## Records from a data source
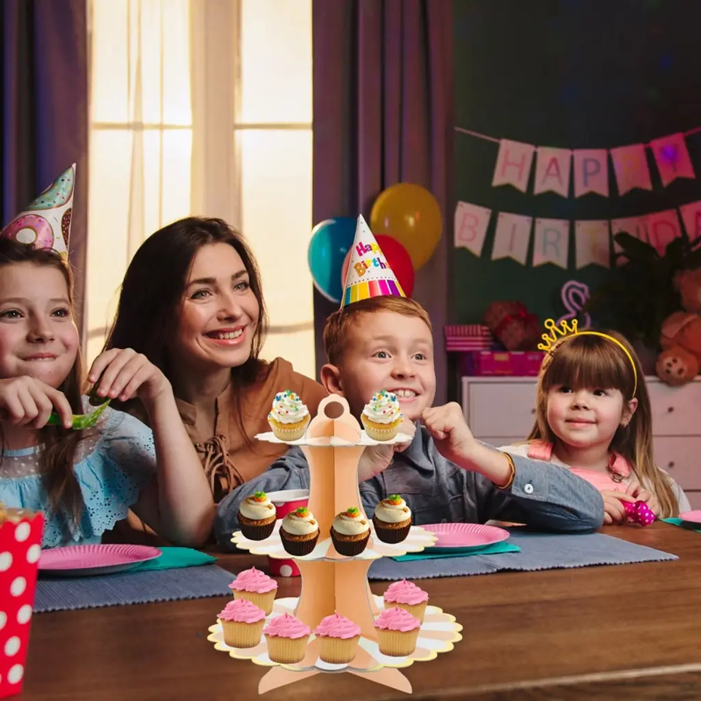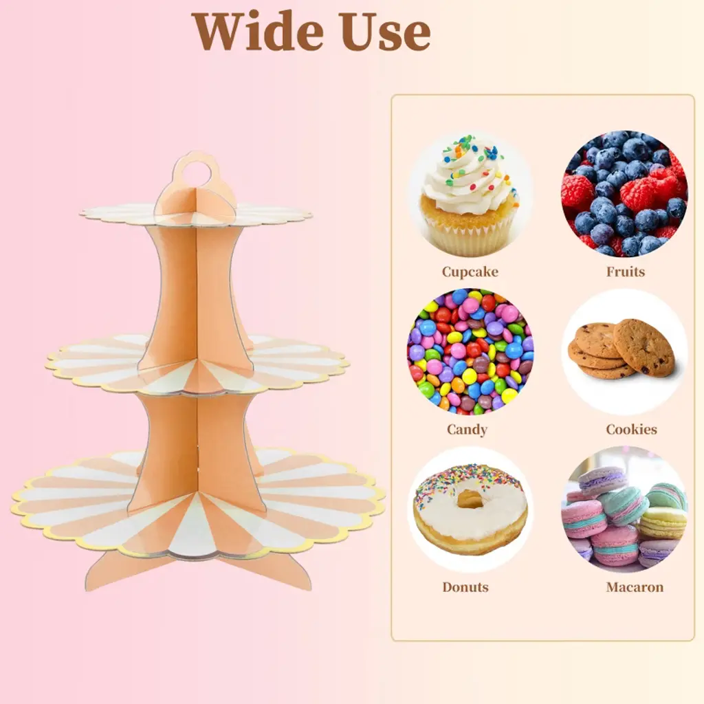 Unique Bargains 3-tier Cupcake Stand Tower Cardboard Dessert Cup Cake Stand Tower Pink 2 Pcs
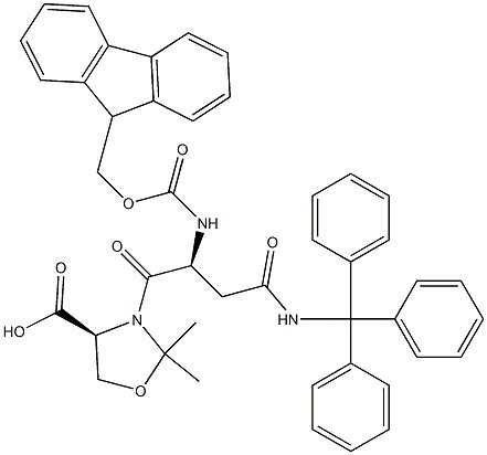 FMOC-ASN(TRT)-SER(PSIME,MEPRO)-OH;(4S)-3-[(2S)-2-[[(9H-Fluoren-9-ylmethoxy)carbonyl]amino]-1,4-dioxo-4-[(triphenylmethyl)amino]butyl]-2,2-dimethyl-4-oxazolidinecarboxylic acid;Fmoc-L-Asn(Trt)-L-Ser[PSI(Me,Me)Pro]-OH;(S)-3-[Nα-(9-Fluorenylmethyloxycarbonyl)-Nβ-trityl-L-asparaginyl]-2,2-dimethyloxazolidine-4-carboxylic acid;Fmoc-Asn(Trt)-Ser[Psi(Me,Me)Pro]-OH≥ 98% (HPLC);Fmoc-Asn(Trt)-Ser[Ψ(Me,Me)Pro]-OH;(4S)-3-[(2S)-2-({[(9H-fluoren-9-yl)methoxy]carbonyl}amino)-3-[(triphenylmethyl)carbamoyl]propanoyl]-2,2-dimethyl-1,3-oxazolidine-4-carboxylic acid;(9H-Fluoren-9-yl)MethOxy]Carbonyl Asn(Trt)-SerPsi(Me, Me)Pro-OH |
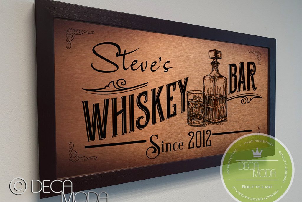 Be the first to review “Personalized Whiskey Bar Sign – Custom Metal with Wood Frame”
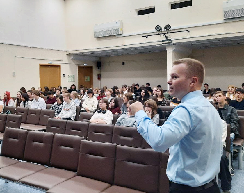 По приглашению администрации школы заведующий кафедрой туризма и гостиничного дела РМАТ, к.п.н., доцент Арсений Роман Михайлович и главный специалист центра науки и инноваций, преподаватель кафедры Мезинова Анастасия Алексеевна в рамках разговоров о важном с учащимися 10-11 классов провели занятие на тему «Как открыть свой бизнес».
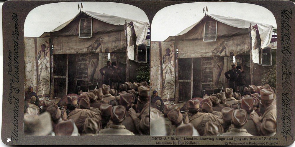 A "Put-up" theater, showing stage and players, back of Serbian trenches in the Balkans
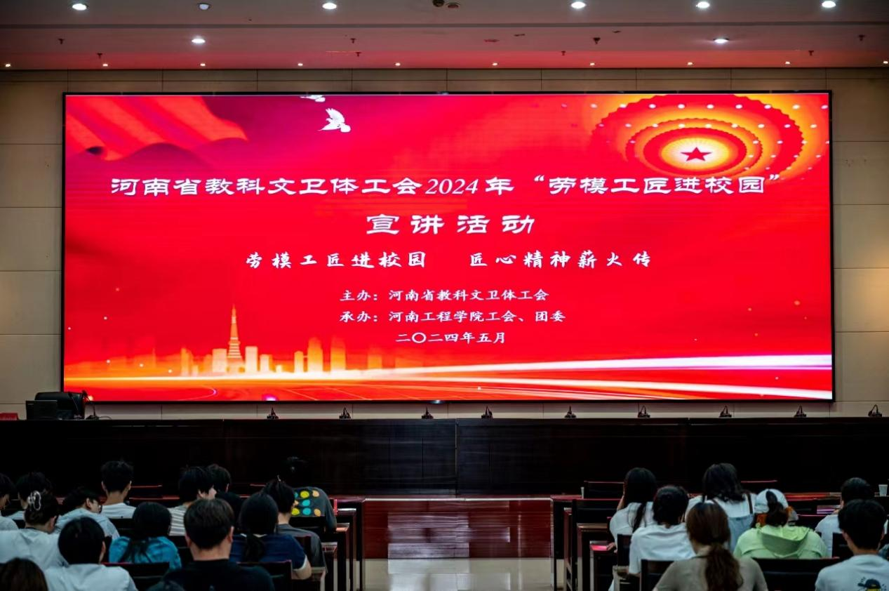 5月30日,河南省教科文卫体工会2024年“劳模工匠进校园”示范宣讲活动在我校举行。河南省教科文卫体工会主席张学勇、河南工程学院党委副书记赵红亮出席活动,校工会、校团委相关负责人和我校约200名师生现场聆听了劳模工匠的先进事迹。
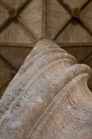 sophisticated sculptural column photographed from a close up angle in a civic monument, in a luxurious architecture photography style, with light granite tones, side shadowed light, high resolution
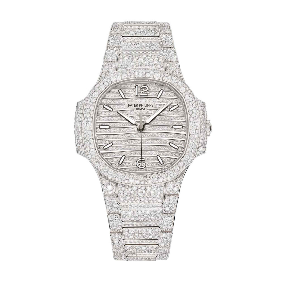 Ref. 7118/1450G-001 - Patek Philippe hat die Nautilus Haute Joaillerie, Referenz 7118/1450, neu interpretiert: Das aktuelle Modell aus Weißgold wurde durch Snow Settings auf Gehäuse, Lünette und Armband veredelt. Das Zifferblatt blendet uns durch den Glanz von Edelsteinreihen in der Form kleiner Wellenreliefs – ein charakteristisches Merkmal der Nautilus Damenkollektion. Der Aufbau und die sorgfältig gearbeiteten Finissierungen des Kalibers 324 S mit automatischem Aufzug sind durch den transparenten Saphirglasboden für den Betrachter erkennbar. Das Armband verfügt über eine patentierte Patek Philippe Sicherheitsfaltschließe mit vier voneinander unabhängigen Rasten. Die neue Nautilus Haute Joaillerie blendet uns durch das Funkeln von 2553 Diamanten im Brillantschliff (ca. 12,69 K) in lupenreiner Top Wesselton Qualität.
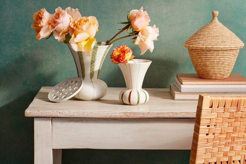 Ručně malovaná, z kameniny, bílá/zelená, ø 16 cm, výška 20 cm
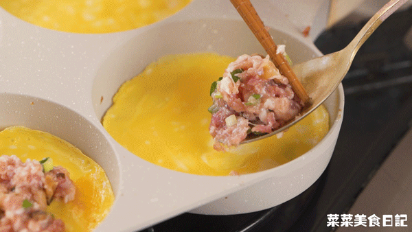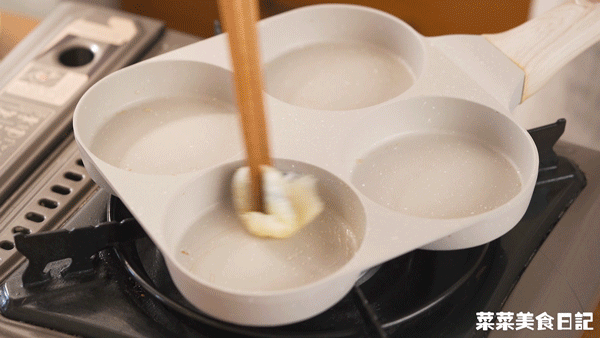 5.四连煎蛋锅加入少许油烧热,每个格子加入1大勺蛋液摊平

## What needs to be done
Your copy should hold the lines from the one with "in the Balkans" up to and including the one with "5月30日,河南省教科文卫体", exactly as in the data above, and no pictures.

## Written solution
 A "Put-up" theater, showing stage and players, back of Serbian trenches in the Balkans
 5月30日,河南省教科文卫体工会2024年“劳模工匠进校园”示范宣讲活动在我校举行。河南省教科文卫体工会主席张学勇、河南工程学院党委副书记赵红亮出席活动,校工会、校团委相关负责人和我校约200名师生现场聆听了劳模工匠的先进事迹。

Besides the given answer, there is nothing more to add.